Sudoku is a classic logic-based puzzle where the objective is to fill a 9x9 grid so that each row, column, and 3x3 subgrid contains all digits from 1 to 9 exactly once. This structured yet challenging setup makes Sudoku an excellent benchmark for reasoning and decision-making tasks.

We'll fine-tune a model using GRPO (Group Relative Policy Optimization) via TRL. Using environment_factory, the trainer automatically handles:

  1. Creating environment instances for each rollout.
  2. Generating model completions and parsing tool calls.
  3. Stepping through the environment with the model's actions.
  4. Collecting rewards and managing the interaction loop.

This means you only need to define the environment class and reward functions -- the trainer takes care of the rest.

Install dependencies

We'll start by installing TRL (with vLLM support), the OpenEnv Sudoku environment, and trackio for logging.

python
!pip install -Uq trl[vllm] git+https://huggingface.co/spaces/openenv/sudoku trackio

Log in to Hugging Face

Log in to your Hugging Face account to save your fine-tuned model, track your experiment results directly on the Hub or access gated models. You can find your access token on your account settings page.

python
from huggingface_hub import notebook_login

notebook_login()

Define the system prompt

This prompt instructs the model on how to play Sudoku. It includes the game rules, board reading format, strategic approaches, and importantly, tells the model to use the place tool to submit moves. The environment_factory pattern uses tool calling to interact with the environment, so the model needs to know which tool to call.

python
system_prompt = """You are an expert Sudoku player with deep knowledge of logical deduction strategies and number placement techniques.

## GAME RULES

1. The puzzle is a 9x9 grid divided into nine 3x3 subgrids (boxes)
2. Some cells are pre-filled with numbers 1-9
3. You must fill in the empty cells (shown as '.') with numbers 1-9
4. Each row must contain numbers 1-9 without repetition
5. Each column must contain numbers 1-9 without repetition
6. Each 3x3 subgrid must contain numbers 1-9 without repetition
7. You cannot overwrite pre-filled cells
8. Invalid moves result in penalties (-1 reward)

## HOW TO PLAY

Use the `place` tool to make a move.
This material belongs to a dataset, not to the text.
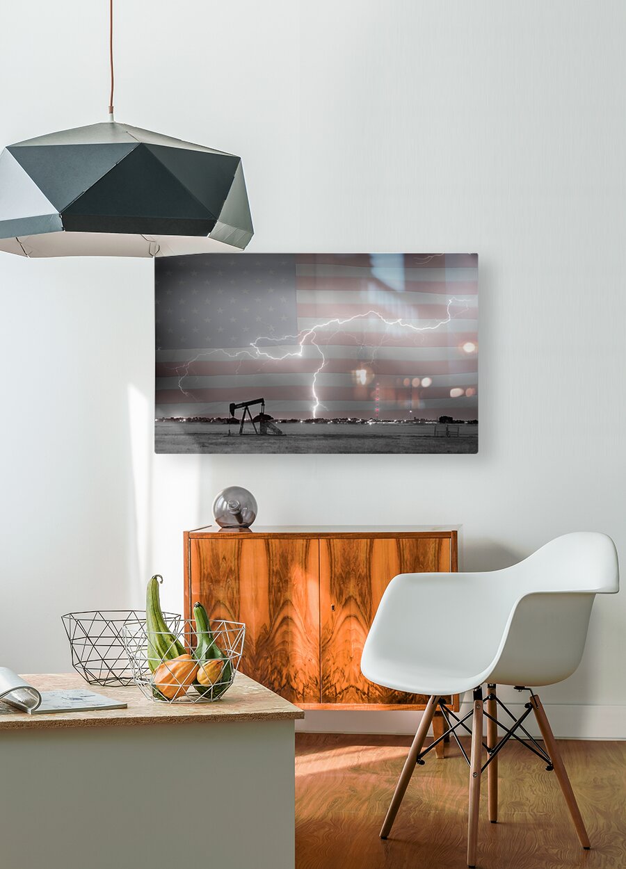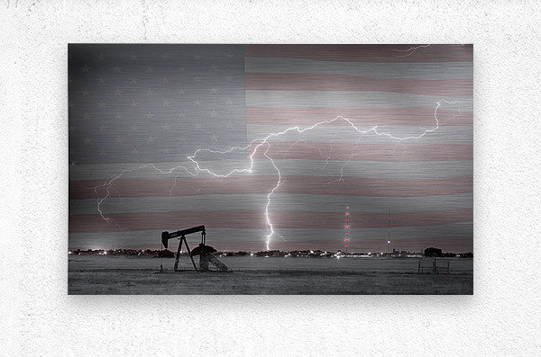 Eastern plains of the Rocky Mountain front range Weld County Colorado view of a pumpjack near the town of Dacona with a lightning thunderstorm strike near by. HDR Black and white with selective coloring and American USA Flag background. Colorado Fine art nature landscape lightning weather photography poster prints decorative canvas prints acrylic prints metal prints corporate artwork greeting cards and stock images by storm chaser James Bo Insogna aka The Lightning Man C - All Rights Reserved. *PLEASE NOTE WATERMARKS WILL NOT BE ON THE PURCHASE PRINTS*

The tool takes three arguments:
- `row`: Row number (1-9)
- `col`: Column number (1-9)
- `number`: The digit to place (1-9)

## STRATEGIC APPROACH

Do not repeat the same move twice.

### Basic Strategies
- **Naked Singles**: If a cell has only one possible candidate, fill it in immediately.
- **Hidden Singles**: If a number can only go in one cell within a row, column, or box, place it there.
- **Scanning**: Look at each row, column, and box to find where specific numbers can go.

### Solving Process
1. Start by scanning the entire grid to identify easy fills (cells with few candidates)
2. Look for rows, columns, or boxes with many numbers already placed
3. Fill all naked singles first
4. Then look for hidden singles in each row, column, and box

### Common Pitfalls to Avoid
- Don't guess randomly - Sudoku is pure logic
- Don't overlook any constraint (row, column, or box)
- Don't try to overwrite pre-filled cells
- Don't place invalid numbers (must be 1-9)
- Don't use invalid coordinates (must be 1-9)
- Don't repeat a move that was already made

## BOARD READING

The board is displayed as a 9x9 grid:
- Numbers 1-9 are pre-filled or already placed
- Empty cells are shown as '.'
- Rows are labeled R1-R9 (top to bottom)
- Columns are labeled C1-C9 (left to right)

## IMPORTANT CONSTRAINTS

- Coordinates are 1-indexed (1-9 for both row and column)
- Numbers must be 1-9
- One move per response
- Must be a valid move (no rule violations)
- Never repeat a previous move
"""

Define the environment

The SudokuEnv class wraps the OpenEnv TextArena Sudoku environment into the interface expected by environment_factory.

When you pass environment_factory=SudokuEnv to the trainer, it will:

  1. Create a new SudokuEnv() instance for each rollout episode.
  2. Call reset() to start a new game (returns the initial board state).
  3. Automatically generate model completions, parse tool calls, and invoke the place(row, col, number) method.
  4. Repeat until the environment signals done=True or the max completion length is reached.

The environment tracks multiple reward signals as properties:

  • correct_reward: Did the puzzle get solved?
  • valid_move_reward: Average rate of valid moves.
  • empty_cell_reward: Did the model target empty cells?
  • repetition_reward: Penalty for repeating moves.
  • progress_reward: How many cells were filled (normalized 0-1).

For this example, we connect to the hosted environment at openenv/sudoku. For production use, we recommend duplicating the Space to your own account or running it locally via Docker, as the hosted versions have limited concurrency.

For more information, refer to the TRL-OpenEnv documentation.

python
# @title SudokuEnv class (click to expand)
from collections import defaultdict

from textarena_env import TextArenaAction, TextArenaEnv


def _is_valid_board_state(board_str: str) -> bool:
    return "R1" in board_str and "R9" in board_str and "|" in board_str


def _parse_board(board_str: str) -> list[list[int]]:
    grid = [[0] * 9 for _ in range(9)]
    if not _is_valid_board_state(board_str):
        return grid
    for line in board_str.split("\n"):
        line_stripped = line.strip()
        if line_stripped and line_stripped[0] == "R" and len(line_stripped) > 1 and line_stripped[1].isdigit():
            row = int(line_stripped[1]) - 1
            cell_part = line_stripped[2:]
            col = 0
            for char in cell_part:
                if char == ".":
                    grid[row][col] = 0
                    col += 1
                elif char.isdigit():
                    grid[row][col] = int(char)
                    col += 1
    return grid


def _count_filled_cells(board_str: str) -> int:
    if not _is_valid_board_state(board_str):
        return 0
    grid = _parse_board(board_str)
    return sum(1 for row in grid for cell in row if cell != 0)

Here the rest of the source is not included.